Identifying the power-on reset and normal power-on reset caused by unexpected situations such as power failure in the measurement and control system is particularly important for process control systems. For example, a measurement and control system that uses time as the control standard takes 1 hour to complete a measurement and control task. When the measurement and control has been performed for 50 minutes, the system voltage abnormality causes a reset. At this time, if the system is reset and the measurement and control is started from the beginning, it will cause unnecessary time consumption. Therefore, a monitoring unit can be used to monitor the current system's operating status and system time, and the control process can be decomposed into several steps or several time periods. After each step is executed or each time period is run, the monitoring unit is set to the shutdown permission value. Different tasks or different stages of tasks have different values. If the system is performing a measurement and control task or is executing a certain time period, the monitoring unit is set to an abnormal shutdown value. Then, after the system is reset, the original operating status of the system can be judged based on this unit, and the error handling program can be jumped to restore the original operating status of the system.

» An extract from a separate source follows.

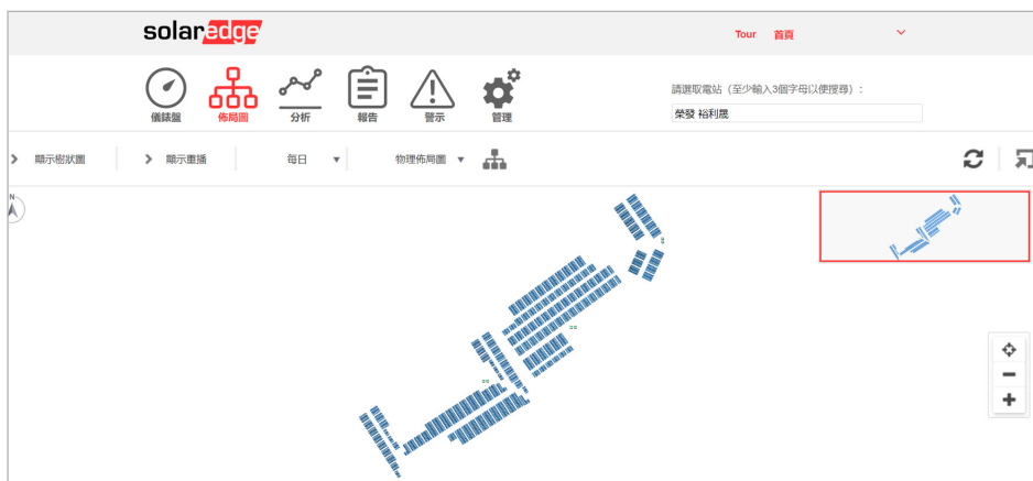
SolarEdge監控系統可顯示每一片模組的性能資料，模組的顏色代表模組的發電表現

監控平台提供的資料包括變流器輸出、功率優化器電壓、電流對模組電壓、互動式性能圖表、系統電站佈局等。

(2) Programming for system self-recovery after abnormal reset

For some process control systems with strict sequence requirements, if the system is not reset normally, it is generally required to resume operation from the module or task that is out of control. Therefore, the measurement and control system must back up important data units and parameters, such as system operation status, system process value, current input and output values, current clock value, observation unit value, etc. These data must be backed up regularly and immediately if modified.

When it is determined that the system is not reset normally, some necessary system data must be restored first, such as the initialization of the display module and the initialization of the external expansion chip. Then the system status and operating parameters of the measurement and control system are restored, including the restoration of the display interface. After that, the tasks, parameters, running time, etc. before the reset are restored, and then the system enters the running state.

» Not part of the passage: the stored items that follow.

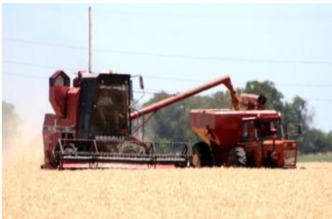
Figura 26. Trilla y descarga de grano a transportador simultáneamente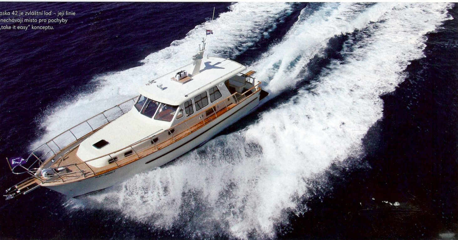
Alaska 42 je zvláštní loď – její linie nenechávají místo pro pochyby o „take it easy“ konceptu.

Následující níže položená část interiéru se skládá ze dvou kajut a koupelny. Příďová kajuta je vybavena manželským lůžkem a velkým počtem přihrádek. Kromě pěkného vnitřku a množství dřeva tato kajuta nejvíce fascinuje velikostí šatní skříně. Šatna na lodi nebývá pravidlem, a tato je vskutku přepychově dimenzovaná. Pokud tedy vyplouváte s Alaskou, nebudete muset vybírat mezi oblečením, jež byste si chtěli vzít s sebou a jež budete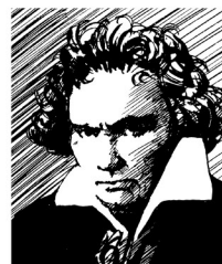
Ludwig van Beethoven 1770-1827 Germany

It should be noted that truly restoring the system's operating status requires extremely detailed backing up of the system's important data and performing data reliability checks to ensure the reliability of the restored data.

Secondly, for multi-task, multi-process measurement and control systems, data recovery needs to consider the order of recovery.

System basic initialization refers to initialization of chips, display, input and output modes, etc. It should be noted that the initialization of input and output should not cause malfunction. The initialization of tasks before reset refers to the execution status and running time of tasks.

There are some other common methods for software anti-interference, such as digital filtering, RAM data protection and error correction. In engineering practice, several anti-interference methods are usually used together to complement each other to achieve better anti-interference effects. Fundamentally speaking, hardware anti-interference is active, while software anti-interference is passive. It is completely feasible to carefully analyze the interference source, combine hardware and software anti-interference, improve the system monitoring program, and design a stable and reliable single-chip microcomputer system.